## [WORK TASK]
What is wanted is the full listing, word for word, without its pictures.

## [GIVEN INFORMATION]
*** Block opens ***
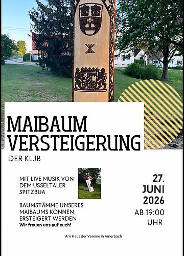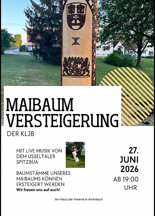 Am Samstag, den 27. Juni ab 19.00 Uhr findet eine Maibaumversteigerung der KLJB Amerbach mit live Musik von dem Usseltaler Spitzbua statt. Es können Baumstämme des Amerbacher Maibaums ersteigert werden. Die Veranstaltung findet am Haus der Vereine in Amerbach statt.
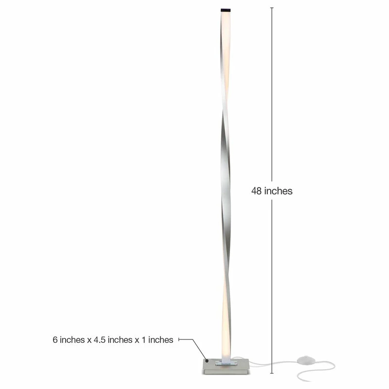 MODERN, SHADE-FREE POLE LAMP FOR LIVING ROOMS EARNS COMPLIMENTS: The unique, elegant style of this modern floor lamp impresses guests and starts conversations. The gently twisting fixture stands up about 48″ tall.
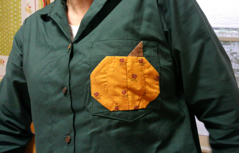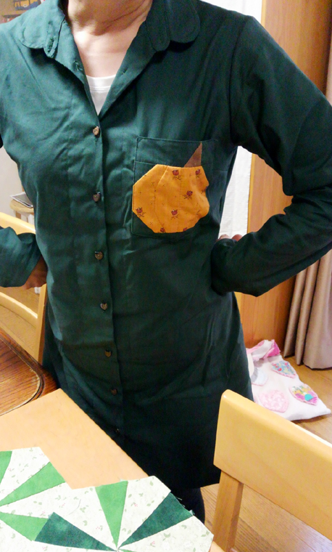高ちゃんは、ポケットかぼちゃに挑戦、トップが縫えました。 渋すぎ!
*** Block closes ***
## [ANSWER TO THE EXERCISE]
 Am Samstag, den 27. Juni ab 19.00 Uhr findet eine Maibaumversteigerung der KLJB Amerbach mit live Musik von dem Usseltaler Spitzbua statt. Es können Baumstämme des Amerbacher Maibaums ersteigert werden. Die Veranstaltung findet am Haus der Vereine in Amerbach statt.
 MODERN, SHADE-FREE POLE LAMP FOR LIVING ROOMS EARNS COMPLIMENTS: The unique, elegant style of this modern floor lamp impresses guests and starts conversations. The gently twisting fixture stands up about 48″ tall.
高ちゃんは、ポケットかぼちゃに挑戦、トップが縫えました。 渋すぎ!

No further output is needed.